Somewhere between the kitchen remodel and travels to Portugal, France and New Zealand, Cazimero finds time to fit in his annual September benefit concert at Kaua‘i Museum, scheduled for Thursday evening (Sept. 20), where the music and voice of a generation is surrounded by priceless Hawaiian artifacts. The combination of the two has created one of Kaua‘i’s signature events, seamlessly blending together Hawaiian history and culture.
“We (at the museum) tell stories of our rich culture through artifacts, paintings and powerful exhibits,” explains executive director Chucky Boy Chock. “As for Robert, his voice, his music and his dancers, this is history.”

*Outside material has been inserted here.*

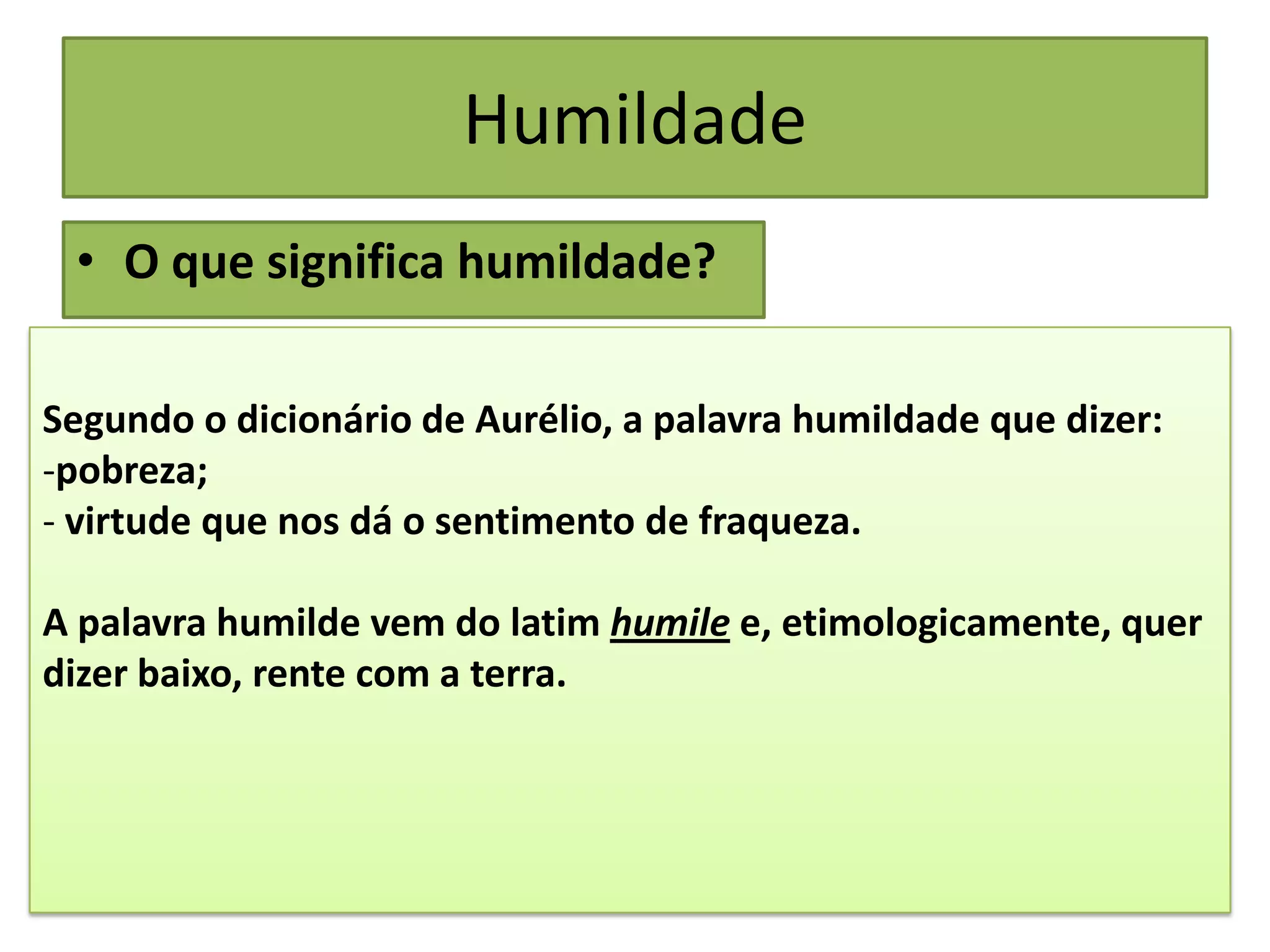 O documento discute o tema da humildade, definindo-a como uma virtude esquecida que nos ajuda a nos ver como iguais e a nos ajudarmos mutuamente. Apresenta exemplos de humildade de Jesus, como nascer em um estábulo e lavar os pés dos discípulos. Conclui enfatizando a importância da humildade no trabalho espírita para evitar o orgulho e o egoísmo.

He then continues on a more personal note: “From a Hawaiian perspective, the relationship is simple — mailelauli‘ili‘i woven with mokihana and a 15-strand lei pīkake, this is Kaua‘i Museum and Robert Cazimero. E pūlama i kā kākou mau ha‘i mo‘olelo … Cherish our storytellers of Hawai‘i. A perfect fit.”
From the ‘ahu‘ula o Mo‘i Kaumuali‘i handcrafted feather cloak on display to the Ha‘aheo ‘O Hawai‘i artifacts brought to the museum from the Smithsonian Institution, Chock has worked tirelessly, crafting a gallery that brings to life the stories of the island’s history. His goal is for the museum to one day “become a Significant Heritage Institution.”

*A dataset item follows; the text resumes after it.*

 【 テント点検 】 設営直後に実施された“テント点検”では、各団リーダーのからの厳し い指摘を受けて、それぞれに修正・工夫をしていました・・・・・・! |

He views Cazimero with friendship and admiration, describing his friend as “a cultural icon … he’s that and more and on a personal level, the friendship has grown into something special, and I say this because his brother, Boz (Roland), and I were close friends. My admiration for his music goes without saying. Impeccable! As a kumu hula, his stories are a tapestry of our culture that is artistically presented through hula.”
Chock continues: “The beauty of Robert is you don’t have to understand the language to know what he is singing. He brings you into the fold with his storytelling then mesmerizes you with his voice. Wow!”

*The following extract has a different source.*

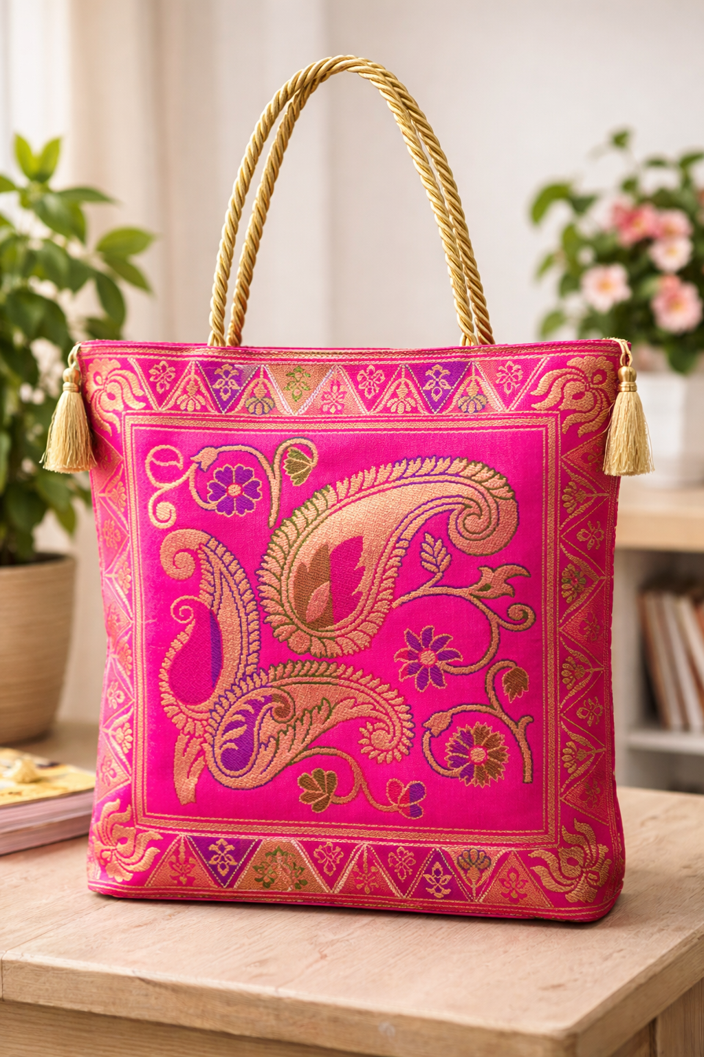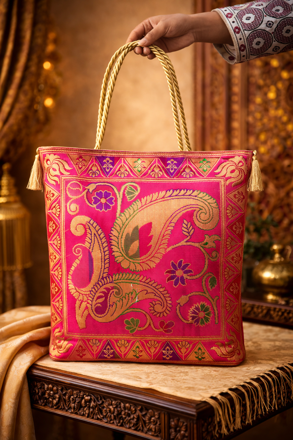 Premium banarasi silk Handbag for women and girls.

It is true that through hard work and perseverance, Cazimero has built a storied career over borders and across languages. Having performed from Carnegie Hall to Tokyo, from the Wolftrap Opera House in Washington, D.C., to Hollywood Bowl in Los Angeles, sharing the stage with New York Pops, LA Philharmonic, Boston Pops and Honolulu Symphony.
Yet every fall, he returns to Līhu‘e town, to a century-old building that began as a library, and he cherishes it all just the same. “All opportunities are welcomed and worthwhile,” he says.
“Performing at the museum, greeting folks that attend, it’s constant rejuvenation for me,” Cazimero continues. “Each year I take to the stage and look forward to the museum telling me where it wants me to go, how I am to address the evening. I take in the faces of the people sitting in those white chairs, feel their energies, take a deep breath and sing. I’m a lucky man, I have a good life. Mine is a perpetual state of gratitude. No matter how bad things may seem, it could be worse. Believe, trust and breathe.”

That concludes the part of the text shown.